Time Out Reviews The Auld Shillelagh
A pub for 130 years and a listed building for the last quarter century, the Shillelagh was always a place for the serious drinker. It still is. A refurb inside and out has done wonders for the once-grubby, still-skinny room, extending it at the back and opening up a beer garden beyond.
More of a surprise is the entertainment here: the Sinatra-themed Frank’s Happy Hours nights have bitten the dust, but Peel Me a Grape on Sundays has plugged the gap nicely with an eclectic mix of music and film. This is still an Irish pub, though, and the demanding locals and pint-proud bartenders continue to ensure that the Guinness is nothing short of exceptional.
Time Out London
Frank Sinatra Nights – Review
Frank’s fans will be doing it their way.
FRANK Sinatra is back, again! His Stretch Limo will be parked in Stoke Newington Church Street this Monday.
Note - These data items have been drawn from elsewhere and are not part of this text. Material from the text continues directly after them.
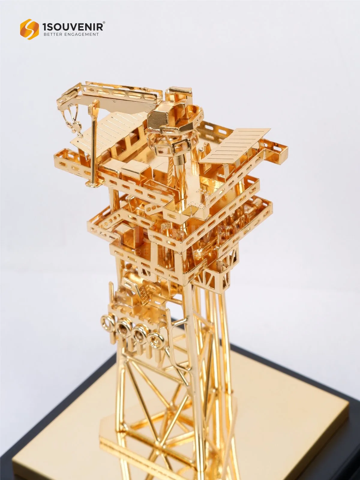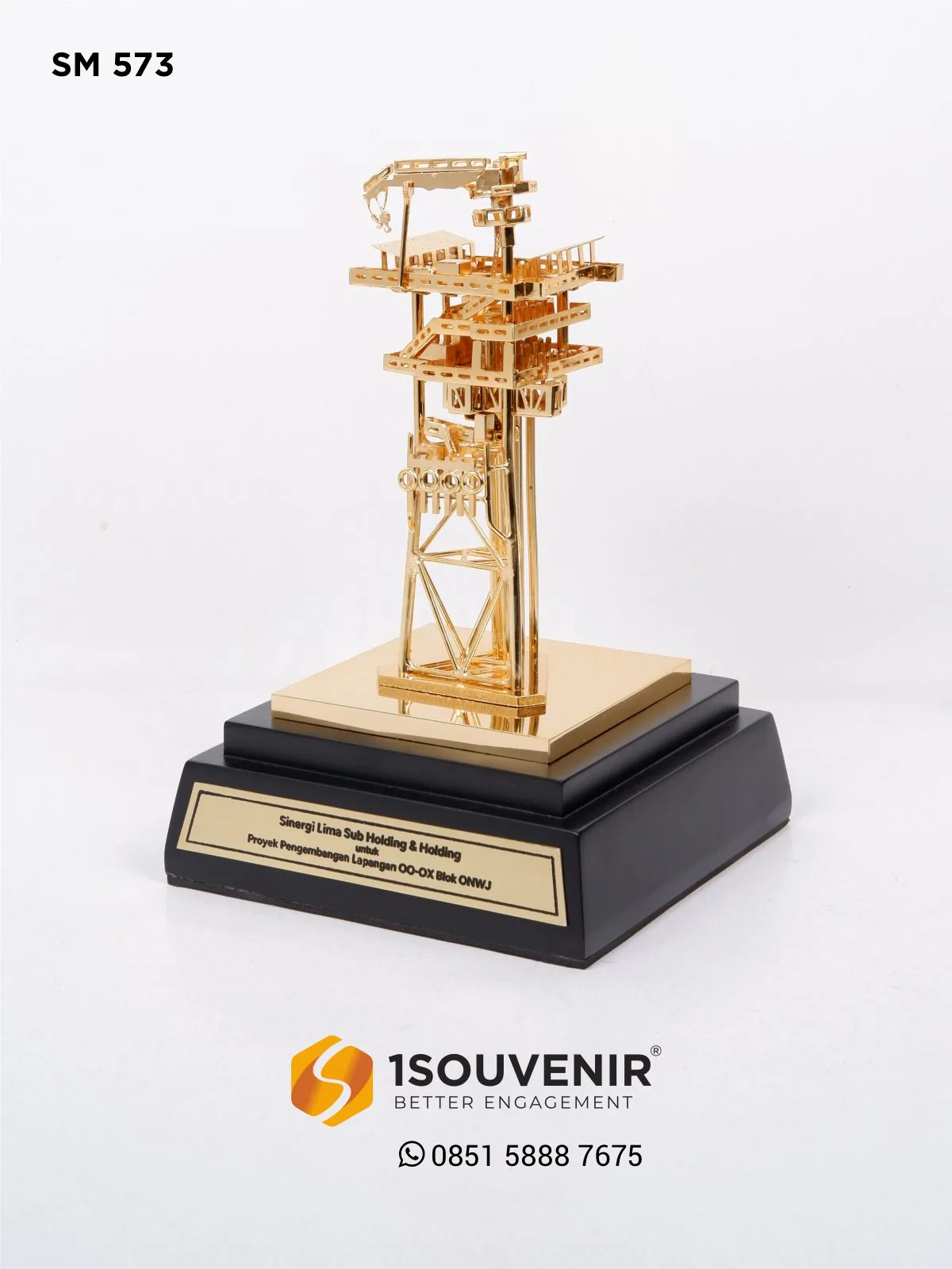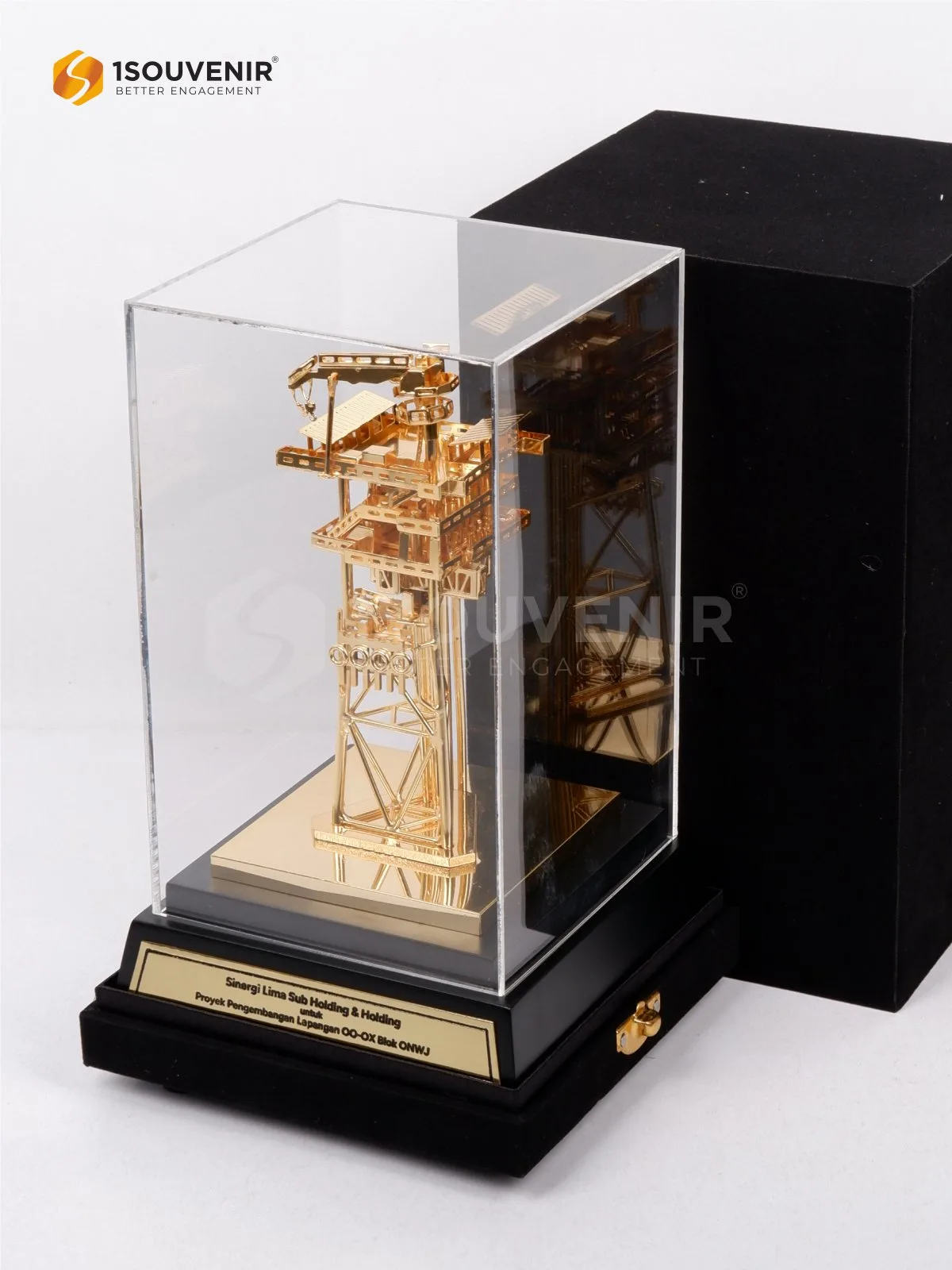Miniatur Proyek Pengembangan Lapangan ini dihadirkan sebagai cendera mata eksklusif. Dengan detail presisi berlapis emas, miniatur ini mencerminkan pencapaian monumental sekaligus simbol kebersamaan dalam mewujudkan visi besar energi bangsa.
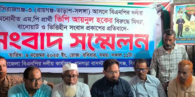 সিরাজগঞ্জ-৩: বিএনপি প্রার্থী ভিপি আয়নুল হকের বিরুদ্ধে ‘মিথ্যা সংবাদ প্রকাশের প্রতিবাদে সংবাদ সম্মেলন
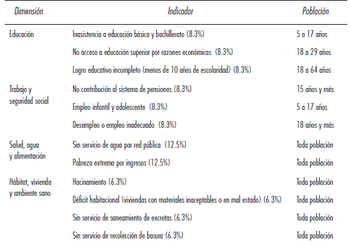 Desde una perspectiva multidimensional, la pobreza refleja privaciones simultáneas en varias aristas del bienestar con base en un enfoque de derechos, de este modo, su utilidad radica en la identificación de las respuestas de política pública para combatir las causas que la originan (Deleeck et al., 1992; Santos, 2013; Bourguignon y Chakravarty, 2003; Alkire y Foster, 2007).
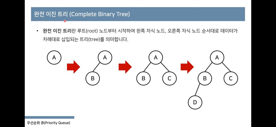 완전이진 트리란 자식노드가 '순서대로' 또는 '차례대로' 삽입되는 이진트리
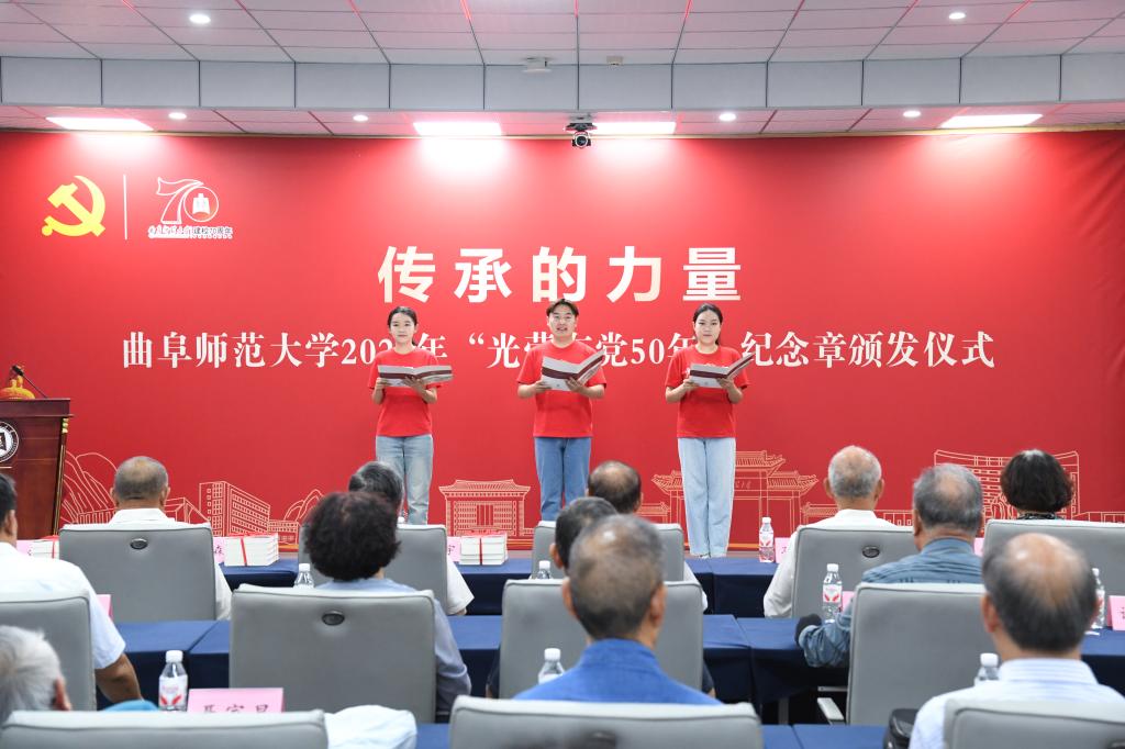 大学生师德宣讲团用饱含深情的献词,向光荣在党 50 年的老党员们送上最真挚的祝福。

Frank’s Firework Party is the culmination of a weekend of celebrations to mark The Auld Shillelagh’s 10th birthday. Proprietors Aonghus and Tomás will be serving dry Martinis and showing period films for this special edition of their regular slot, Frank’s Happy Hours. The celebrations get under way tomorrow (Friday) with a performance by unusual Irish group, The Other Brothers.This will be followed on Saturday by Peel Me A Grape, a night inspired by the music a woman plays at four o’clock in the morning.
If you think that sounds like fun, don’t miss The Green Room – an evening for resting actors combining chilled-out tunes with the occasional track from a musical. The bar will be broadcasting the celebrations live over the worldwide web all weekend, and in the heated Moroccan-style garden will be a bottle bar and pizzas provided by the neighbouring Il Bacio Pizzeria. Every evening, films connected to the theme of the night will also be shown from classic Sinatra movies to Withnail and I. Party-goers are invited to arrive early for a chance to travel back in time with drinks at 1991 prices tween 7pm and 8pm.
Hackney Gazette
Ska Bar Review
What N16 magazine said about the SKA Bar Ska – a heady fusion of boogiewoogie blues, R’n’B, calypso, jazz, mento and Rasta-inspired African rhythms – developed into the first truly indigenous Jamaican music in the early 1960s. Its leading proponents were the Skatalites (who were taught to play their instruments in a convent), and this legendary band laid the foundations for rock steady, blue beat and reggae, profoundly influencing such performers as Desmond Dekker, Lee ‘Scratch’ Perry, Toots and the Maytals and Bob Marley.
Immigration into the United Kingdom from the West Indies in the 1960s helped promote the rapid spread of ska across London, with one of the most famous venues being our own Stoke Newington Town Hall.
On Saturday nights the venue throbbed with this new beat, the sound systems belting out blues and ska across the neighbourhood, then home to a very different social and cultural mix of people to today’s Church Street of three-wheeled buggies, designer flats and bijou boutiques.
Tomas Leydon, landlord at the Auld Shillelagh, David (‘Thebigknightoutski’) Knight, the bar’s impresario and Tad Tomlinson, DJ and bespoke leather designer, are leading a campaign to bring ska back to Stoke Newington. On alternative Sundays the Shillelagh is hosting its Ska Bar in the back garden, with Tad spinning some rare, classic records from the original ska bands – including the Ethiopians, the Upsetters, the Heptones and, of course, the Skatalites – while cold bottled beer and cocktails are served at the outside Waikiki Bar. Jerk chicken, snapper, rice and peas and other Jamaican food, prepared by celebrated chef Ethel Minogue, are also on offer.
The first two events have packed the pub, the garden buzzing to the sound of the Caribbean. The next Ska Bar is on 15 August, with another following two weeks later on the August Bank Holiday weekend, and the final event this year takes place on 12 September. Stokey’s getting back to its roots.